■ **Study material**:
:::

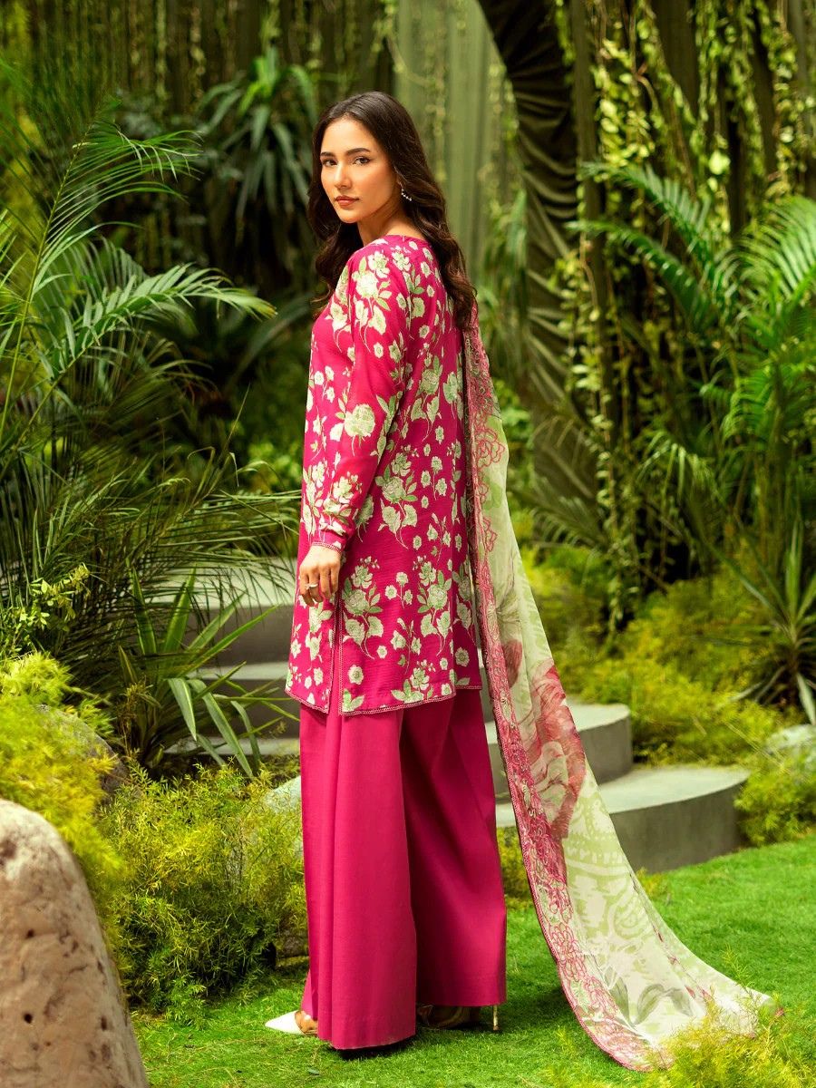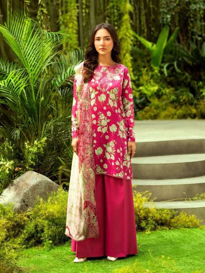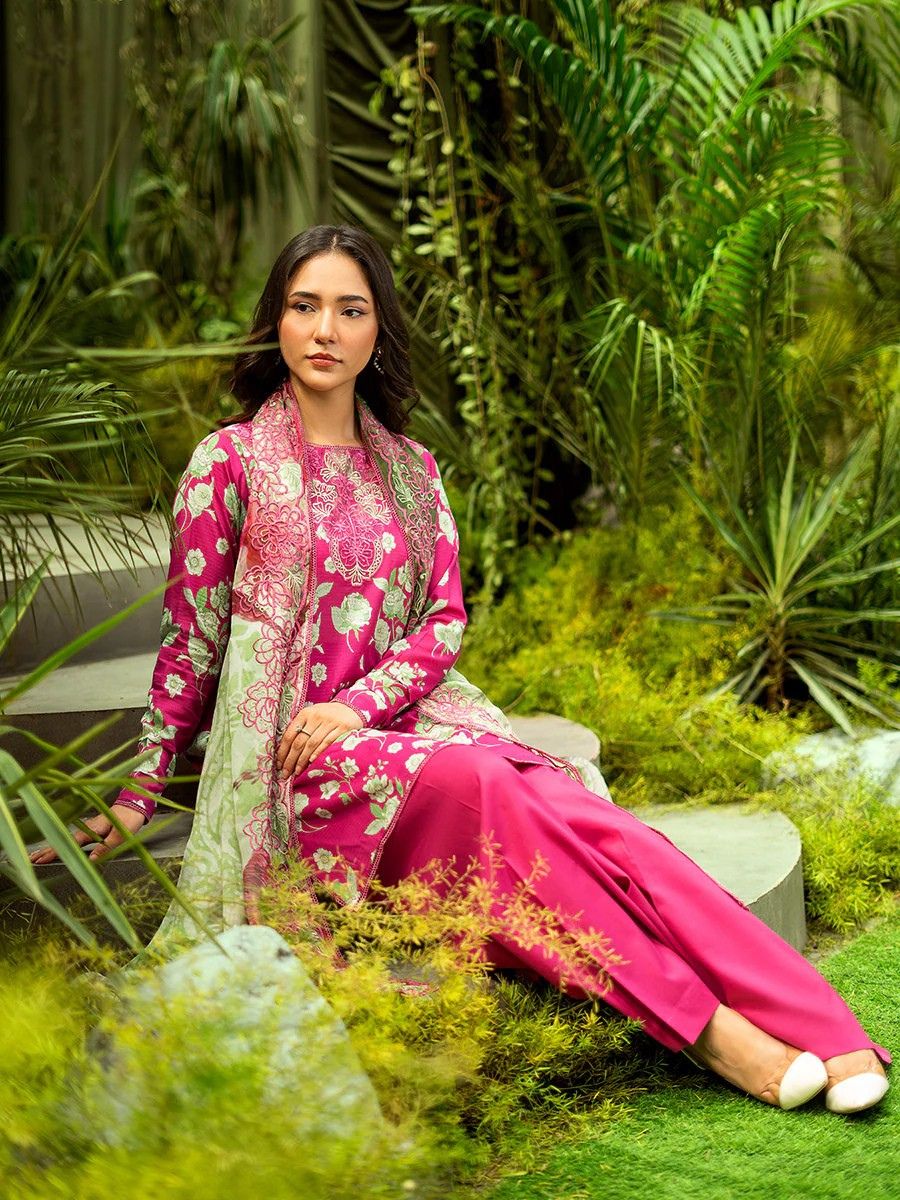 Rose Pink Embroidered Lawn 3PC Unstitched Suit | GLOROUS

:::

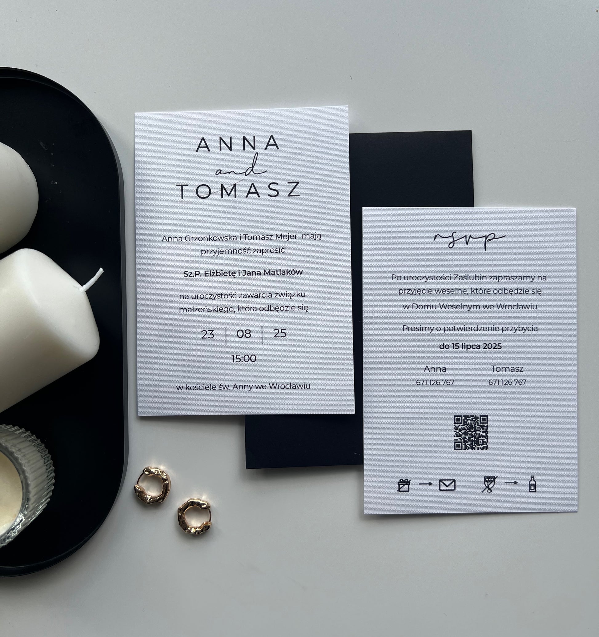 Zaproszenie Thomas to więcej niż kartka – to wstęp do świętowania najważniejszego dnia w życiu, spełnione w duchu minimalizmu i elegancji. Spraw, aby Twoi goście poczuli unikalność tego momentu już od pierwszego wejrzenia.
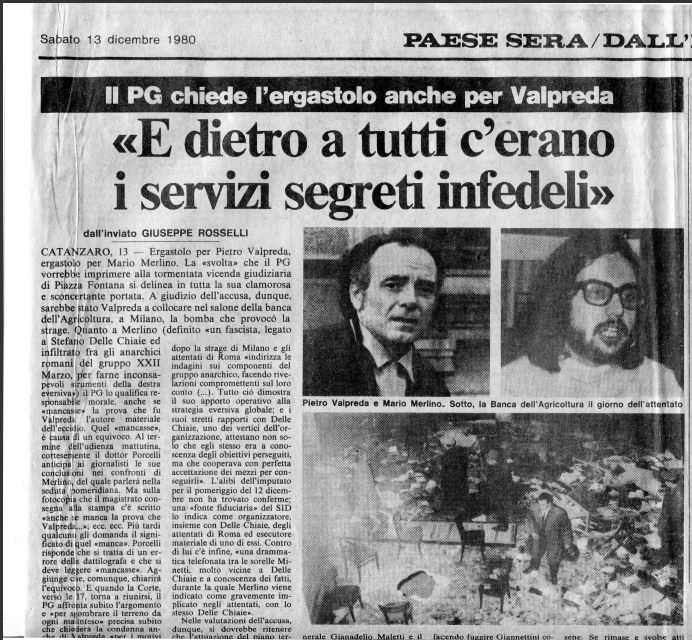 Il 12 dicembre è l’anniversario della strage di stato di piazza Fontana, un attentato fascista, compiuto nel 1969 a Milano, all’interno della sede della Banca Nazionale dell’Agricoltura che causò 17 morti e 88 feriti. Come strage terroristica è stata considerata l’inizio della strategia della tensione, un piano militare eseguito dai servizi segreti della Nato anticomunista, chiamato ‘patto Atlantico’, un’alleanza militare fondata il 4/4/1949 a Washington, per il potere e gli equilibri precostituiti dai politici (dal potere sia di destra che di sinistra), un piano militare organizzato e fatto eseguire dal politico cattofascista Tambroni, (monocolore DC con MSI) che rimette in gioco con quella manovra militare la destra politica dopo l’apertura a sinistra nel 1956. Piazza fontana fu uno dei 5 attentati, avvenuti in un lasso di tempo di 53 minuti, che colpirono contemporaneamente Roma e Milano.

:::

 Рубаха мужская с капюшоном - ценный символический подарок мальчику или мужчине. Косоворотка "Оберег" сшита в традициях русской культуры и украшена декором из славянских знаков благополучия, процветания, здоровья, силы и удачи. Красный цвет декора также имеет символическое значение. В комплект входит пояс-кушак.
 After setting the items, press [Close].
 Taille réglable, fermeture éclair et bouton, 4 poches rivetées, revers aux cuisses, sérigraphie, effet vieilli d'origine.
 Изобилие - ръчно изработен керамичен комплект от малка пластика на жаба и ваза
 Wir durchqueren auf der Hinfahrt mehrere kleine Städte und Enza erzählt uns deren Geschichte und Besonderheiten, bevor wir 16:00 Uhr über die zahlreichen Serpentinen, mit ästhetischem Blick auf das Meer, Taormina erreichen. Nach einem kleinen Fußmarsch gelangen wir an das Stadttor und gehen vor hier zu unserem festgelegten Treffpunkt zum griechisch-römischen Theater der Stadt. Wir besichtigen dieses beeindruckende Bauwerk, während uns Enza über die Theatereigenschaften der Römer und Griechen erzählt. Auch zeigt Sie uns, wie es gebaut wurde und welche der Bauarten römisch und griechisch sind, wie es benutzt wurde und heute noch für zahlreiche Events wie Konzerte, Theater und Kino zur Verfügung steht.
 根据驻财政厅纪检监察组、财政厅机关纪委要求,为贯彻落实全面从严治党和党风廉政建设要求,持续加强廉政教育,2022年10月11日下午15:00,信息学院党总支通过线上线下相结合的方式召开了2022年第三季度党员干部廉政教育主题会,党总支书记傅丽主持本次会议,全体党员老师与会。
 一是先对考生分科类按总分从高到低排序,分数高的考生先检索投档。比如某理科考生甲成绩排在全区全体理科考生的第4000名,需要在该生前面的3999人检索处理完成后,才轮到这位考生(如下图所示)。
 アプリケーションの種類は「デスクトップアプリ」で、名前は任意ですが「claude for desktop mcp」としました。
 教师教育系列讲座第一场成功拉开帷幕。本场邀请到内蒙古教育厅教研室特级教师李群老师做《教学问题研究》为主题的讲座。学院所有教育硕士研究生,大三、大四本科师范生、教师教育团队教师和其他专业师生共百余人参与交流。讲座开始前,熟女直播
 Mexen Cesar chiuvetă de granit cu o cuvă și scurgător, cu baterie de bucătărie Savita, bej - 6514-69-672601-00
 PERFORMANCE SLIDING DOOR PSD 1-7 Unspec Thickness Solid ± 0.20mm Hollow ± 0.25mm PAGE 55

:::

■ **Exercise objective**:
Please return only the lines above, starting at the line that has "教师教育系列讲座第一场成功拉" and ending at the line that has "PERFORMANCE SLIDING DOOR", keeping both and leaving each one unchanged.

■ **Answer box**:
 教师教育系列讲座第一场成功拉开帷幕。本场邀请到内蒙古教育厅教研室特级教师李群老师做《教学问题研究》为主题的讲座。学院所有教育硕士研究生,大三、大四本科师范生、教师教育团队教师和其他专业师生共百余人参与交流。讲座开始前,熟女直播
 Mexen Cesar chiuvetă de granit cu o cuvă și scurgător, cu baterie de bucătărie Savita, bej - 6514-69-672601-00
 PERFORMANCE SLIDING DOOR PSD 1-7 Unspec Thickness Solid ± 0.20mm Hollow ± 0.25mm PAGE 55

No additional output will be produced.